> **The data**:
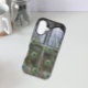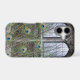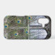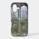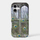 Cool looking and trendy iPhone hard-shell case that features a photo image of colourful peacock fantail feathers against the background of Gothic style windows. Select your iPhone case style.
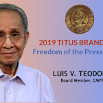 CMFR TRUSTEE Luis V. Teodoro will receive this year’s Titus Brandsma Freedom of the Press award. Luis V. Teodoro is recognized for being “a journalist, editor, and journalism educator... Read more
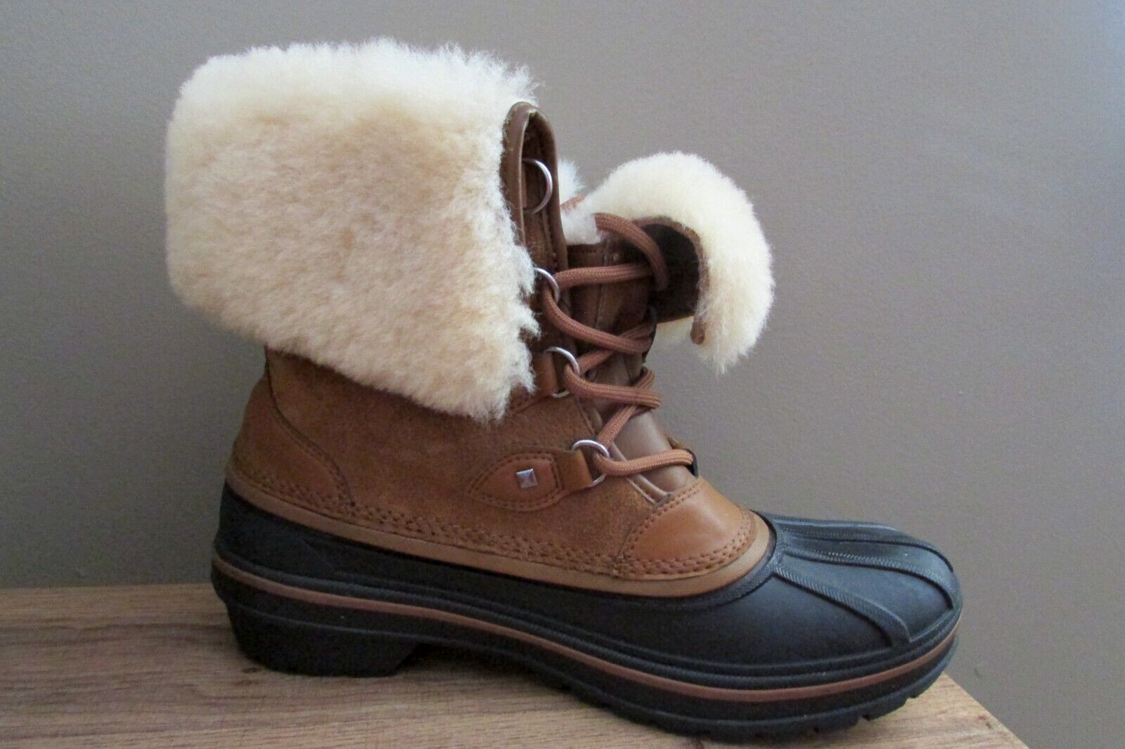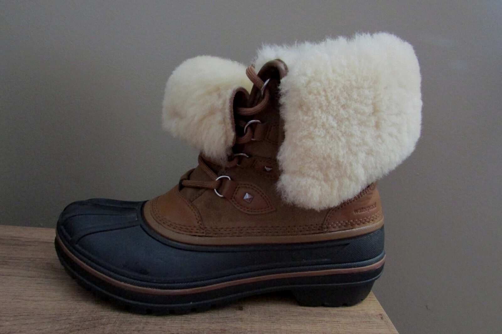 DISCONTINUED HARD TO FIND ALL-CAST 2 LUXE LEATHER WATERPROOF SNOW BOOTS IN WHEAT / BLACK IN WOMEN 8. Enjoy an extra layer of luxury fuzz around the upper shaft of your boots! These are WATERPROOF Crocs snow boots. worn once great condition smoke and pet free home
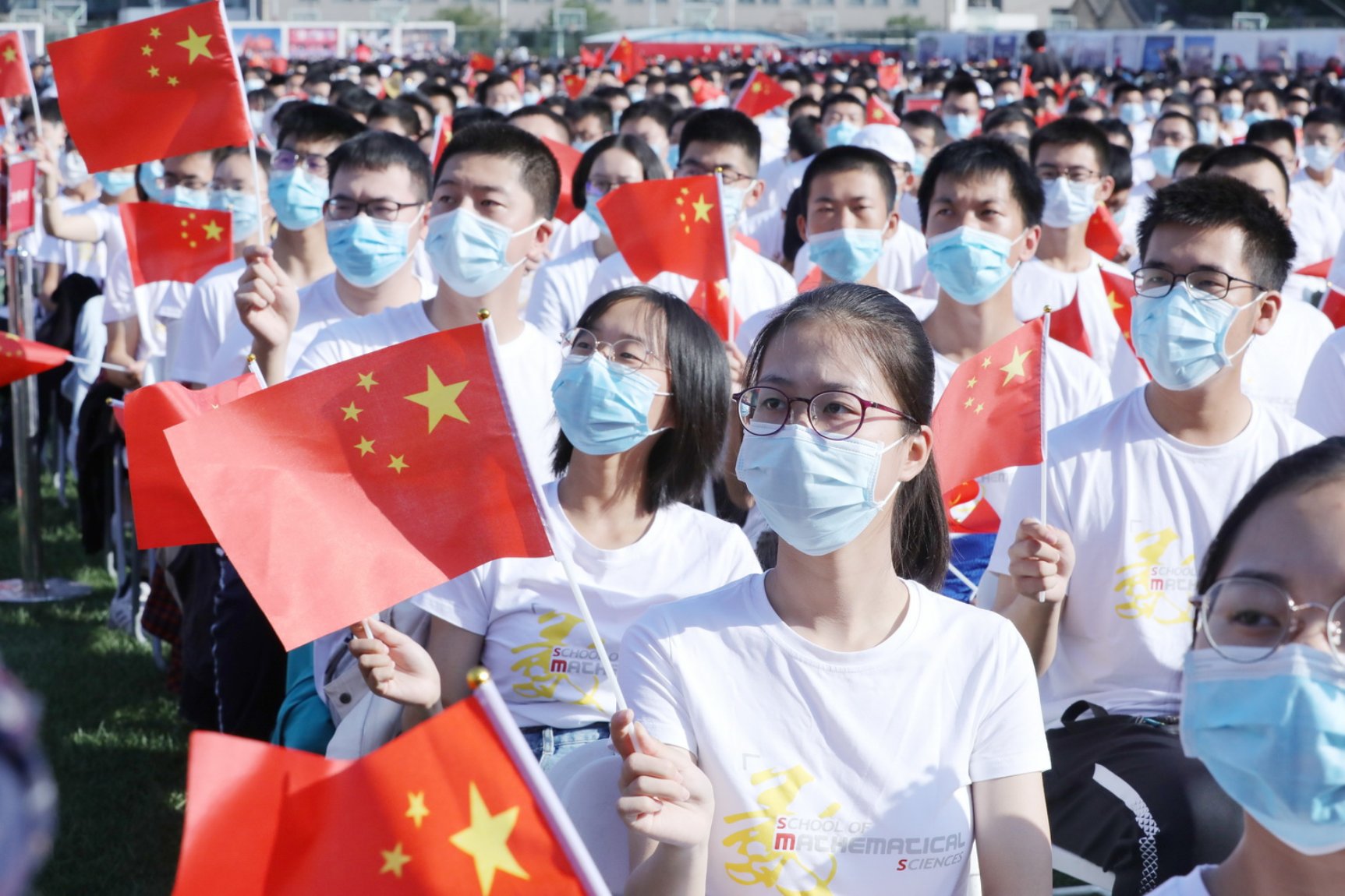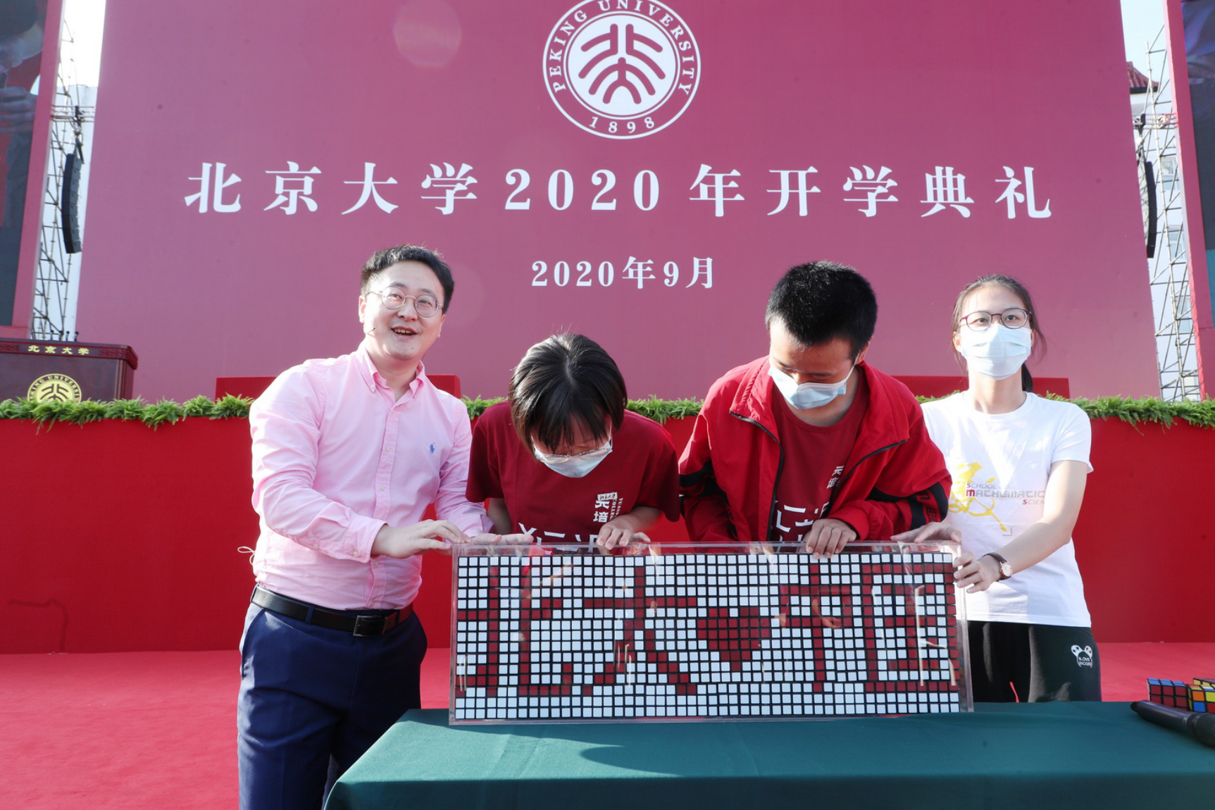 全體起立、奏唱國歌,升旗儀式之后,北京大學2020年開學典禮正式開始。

> **Description of the task**: Where a picture appears, omit it; otherwise reproduce each line above from the first to the one with "CMFR TRUSTEE Luis", inclusive.

> **Response area**:
 Cool looking and trendy iPhone hard-shell case that features a photo image of colourful peacock fantail feathers against the background of Gothic style windows. Select your iPhone case style.
 CMFR TRUSTEE Luis V. Teodoro will receive this year’s Titus Brandsma Freedom of the Press award. Luis V. Teodoro is recognized for being “a journalist, editor, and journalism educator... Read more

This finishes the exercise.